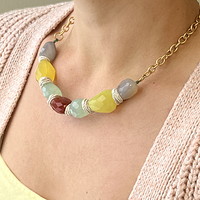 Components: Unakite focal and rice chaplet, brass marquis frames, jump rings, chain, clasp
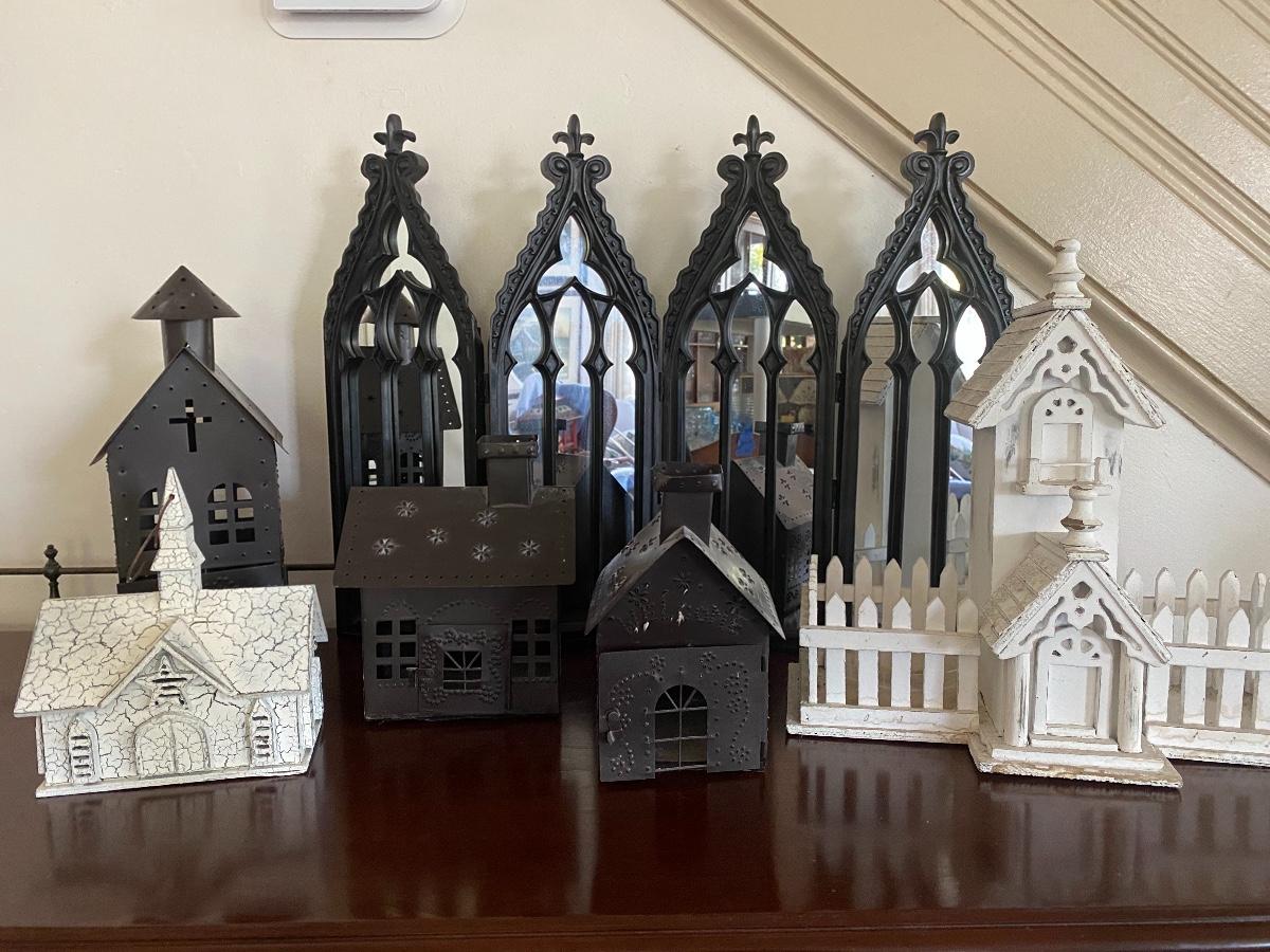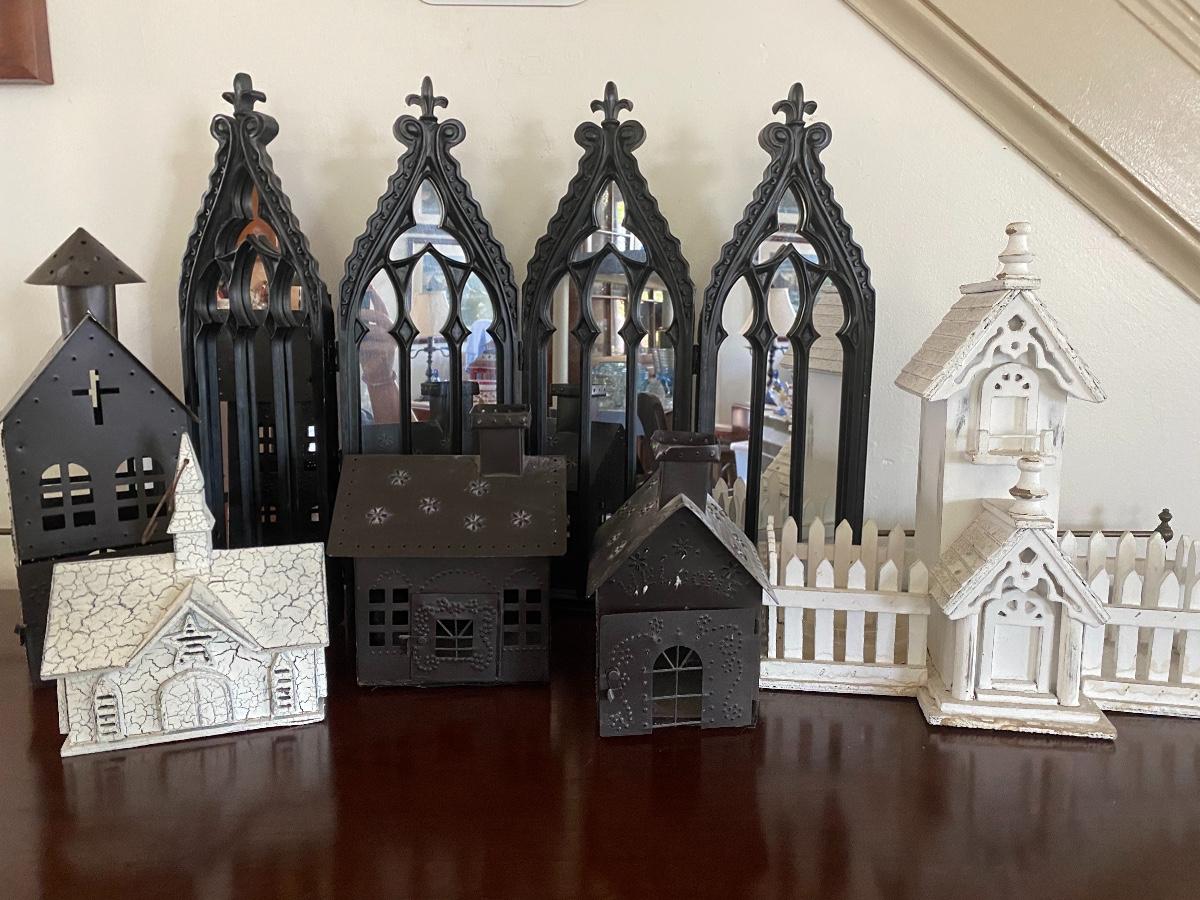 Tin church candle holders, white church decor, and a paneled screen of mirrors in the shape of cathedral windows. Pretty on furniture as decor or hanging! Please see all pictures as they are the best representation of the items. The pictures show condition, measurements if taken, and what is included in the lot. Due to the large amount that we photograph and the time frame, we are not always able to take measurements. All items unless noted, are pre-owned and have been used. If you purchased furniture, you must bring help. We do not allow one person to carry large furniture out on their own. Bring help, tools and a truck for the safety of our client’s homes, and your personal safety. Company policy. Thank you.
--
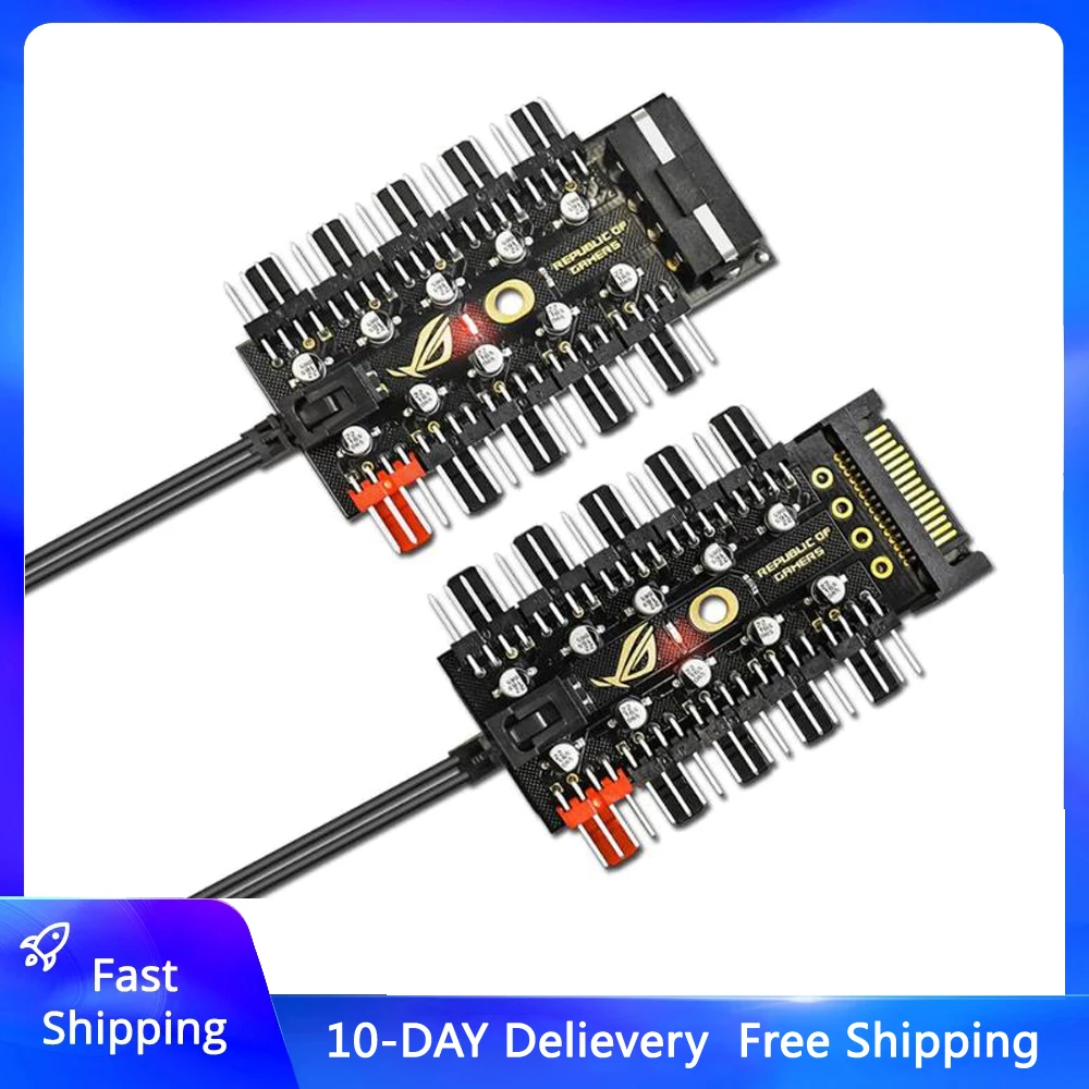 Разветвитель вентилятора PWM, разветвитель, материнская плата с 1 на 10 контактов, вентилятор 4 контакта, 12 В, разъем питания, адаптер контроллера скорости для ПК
--
WHAT NEEDS TO BE DONE: Reproduce, word for word, only the lines in the records above from the line with "Components: Unakite focal" through the line with "Tin church candle", including both ends; omit the pictures.

REPLY:
 Components: Unakite focal and rice chaplet, brass marquis frames, jump rings, chain, clasp
 Tin church candle holders, white church decor, and a paneled screen of mirrors in the shape of cathedral windows. Pretty on furniture as decor or hanging! Please see all pictures as they are the best representation of the items. The pictures show condition, measurements if taken, and what is included in the lot. Due to the large amount that we photograph and the time frame, we are not always able to take measurements. All items unless noted, are pre-owned and have been used. If you purchased furniture, you must bring help. We do not allow one person to carry large furniture out on their own. Bring help, tools and a truck for the safety of our client’s homes, and your personal safety. Company policy. Thank you.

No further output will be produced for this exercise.